In CC310 we covered various data structures: stacks, sets, lists, queues, and hash tables. When we looked at these structures, we considered how to access elements within the structures, how we would create our own implementation of the structure, and tasks that these structures would be fitting for as well as ill fitting. Throughout this course we will introduce and implement a variety of data structures as we did in CC310.
We begin this course with an often overlooked structure: strings. By the end of this chapter, we will understand how strings are data structures, how we access elements, what types of tasks are appropriate for strings, and how we can improve on strings in our code.
In many data science positions, programmers often work with text-based data. Some examples of text-based data include biology for DNA sequencing, social media for sentiment classification, online libraries for citation networks, and many other types of businesses for data analytics. Currently, strings are often used for word embeddings, which determine how similar or dissimilar words are to one another. An industry leading software for this application is Tensorflow for Python, which generated the image below.
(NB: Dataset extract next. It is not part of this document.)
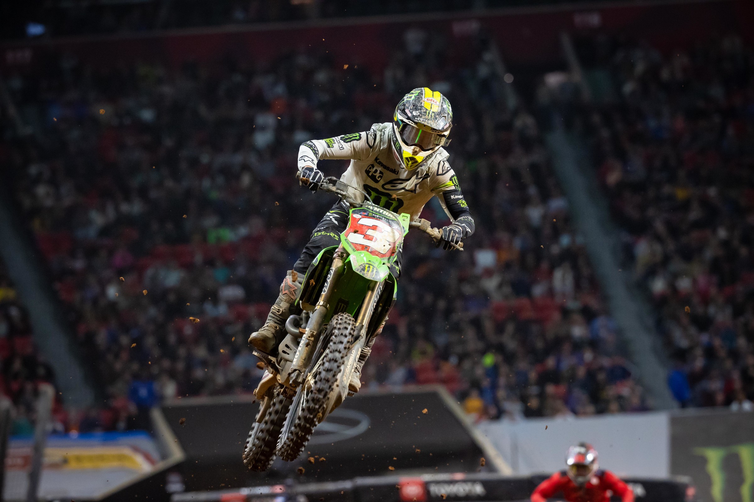 Yes, Eli Tomac is riding strong, hence the P1 position in what has been an astonishingly odd and abbreviated 2020 Monster Energy AMA Supercross Championship. But Honda HRC company man Ken Roczen has been strong, also, leaving Tomac up a mere three points (226 to 223) in the standings. With 10 rounds having been run thus far in ’20, Tomac has won five main events and with an average finishing position of 2.6. On the podium 60 percent of the time before COVID-19 darkened everyone’s door, Tomac executed a slick pass on Roczen with two laps to go to not only win at Daytona International Speedway, but to cast himself as the lead man in the title chase.

In an immense oversimplification, the process used for word embeddings is to read in a large amount of text and then use machine learning algorithms to determine similarity by using the words around each word. This impacts general users like us in search engines, streaming services, dating applications, and much more! For example, if you were to search Python topics in your search results may appear referring to the coding language, the reptile, the comedy troupe, and many more. When we use machine learning to determine word meanings, it is important that the data is first parsed correctly and stored in efficient ways so that we can access elements as needed. Understanding how to work with strings and problems that can arise with them is important to utilizing text successfully.